Much of the development of international environmental law consists of “soft law” instruments rather than legally binding treaties.Footnote 81 Nonbinding declarations, such as the Stockholm Declaration, the 1992 Rio Declaration on Environment and Development,Footnote 82 and the 2002 Johannesburg Declaration on Sustainable Development,Footnote 83 articulate broad principles and suggest best practices for responsible environmental stewardship. Critics sometimes dismiss such nonbinding declarations as phantom laws that compromise international law’s integrity as a normative system.Footnote 84 However, reliance on soft commitments need not be viewed as a “pathological phenomenon” that enfeebles international legal order.Footnote 85 In the environmental arena, soft law instruments usually reflect serious efforts to bolster states’ political commitments and practical capacities to prevent transboundary environmental harm. When these efforts are successful, they can reduce the need for binding treaties. To the extent states relate to each other as neighbors, they may find ways to resolve their differences through friendly cooperation based on informal norms and practices rather than resort to legal obligations and enforcement.Footnote 86 Even if treaties might be preferable in a perfect world, soft law commitments are sometimes the most robust form of normative consensus that states can achieve through diligent cooperation. Mandatory cooperation thus helps to explain and contextualize soft law’s prevalence in international environmental governance, showing why it may be worth celebrating, or at least having, even as the international community continues to pursue more intensive commitments to prevent or minimize transboundary pollution.

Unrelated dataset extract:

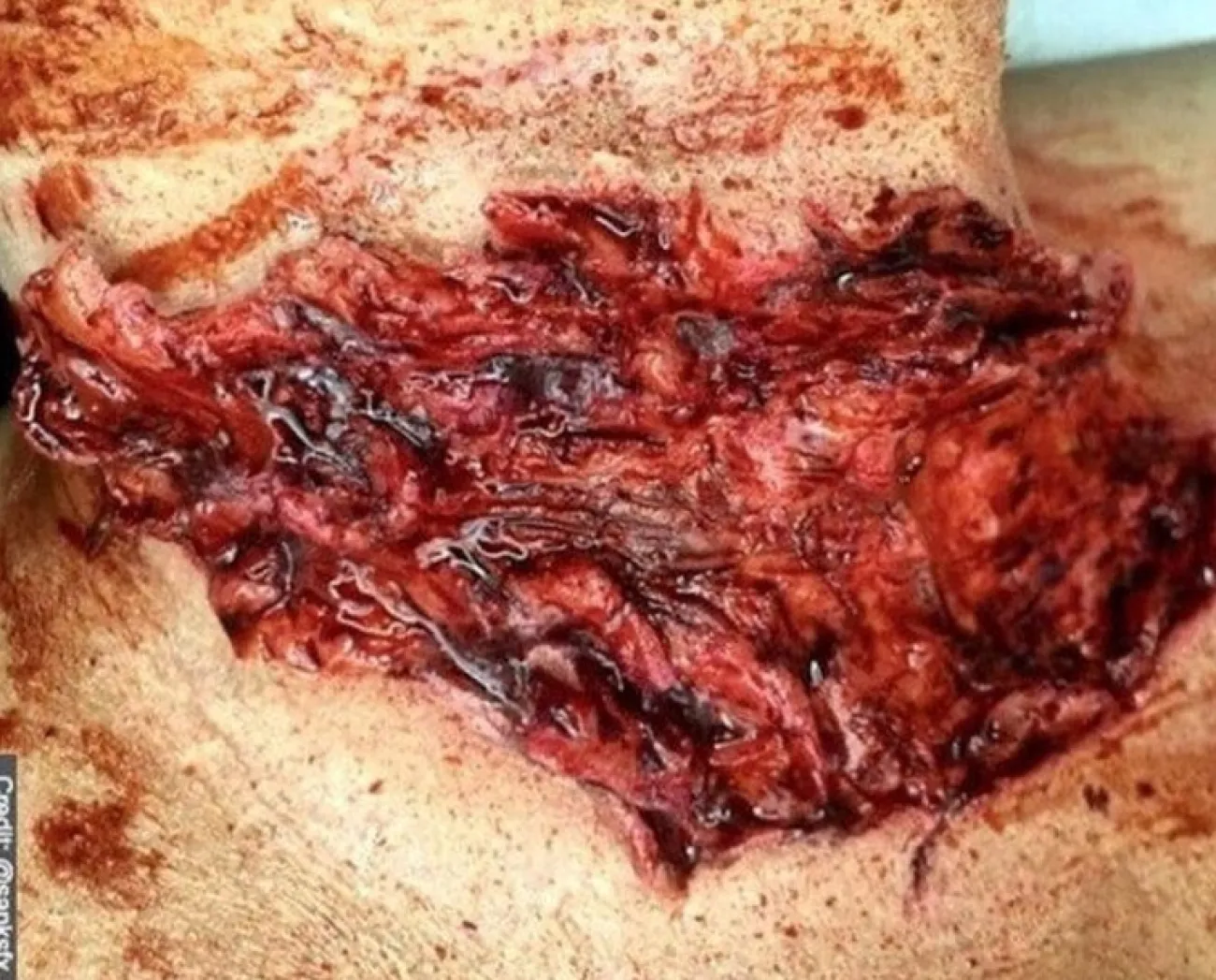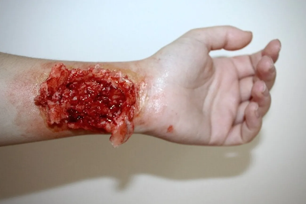 Encapsulated Silicone Prosthetic Wound Made By Forensicfx Studios. This Prosthetic Piece Is Specifically Designed To Be Used In The Special Effects Makeup Industry. Apply This Piece For Hyper Realistic Simulation Of An Opened Wound.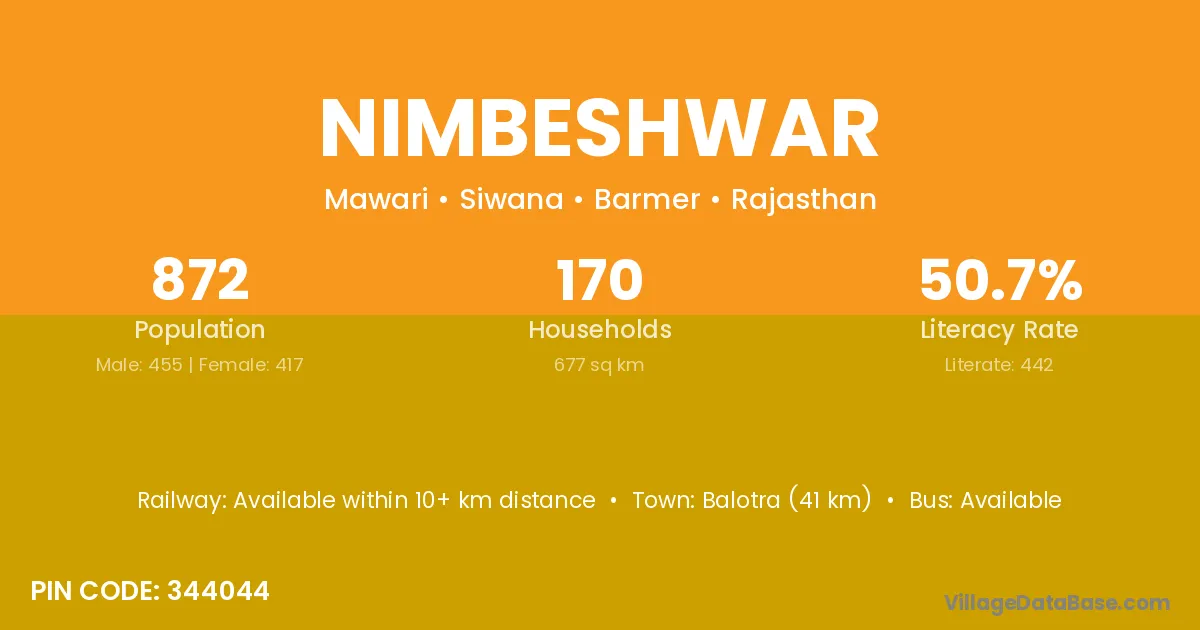 Balotra (41 km) is the nearest town to Nimbeshwar village for major economic activities and is located approximately 41 km away.

Yet despite evident progress, the dangers of transboundary pollution have never been greater. In the next chapter, we consider how mandatory cooperation applies to the supreme existential danger of our time: atmospheric pollution and its devastating contribution to global warming. As we will see, in principle, states must exercise due diligence to prevent carbon emissions from exacerbating global warming. This obligation flows, in part, from the general duty to prevent transboundary harm. Additionally, states now accept that climate change and its adverse effects qualify as a common concern of humanity that is entrusted to the joint stewardship of the international community as a whole. Accordingly, joining the fight against climate change is no longer an option states can take up or refuse; it is mandatory under international law.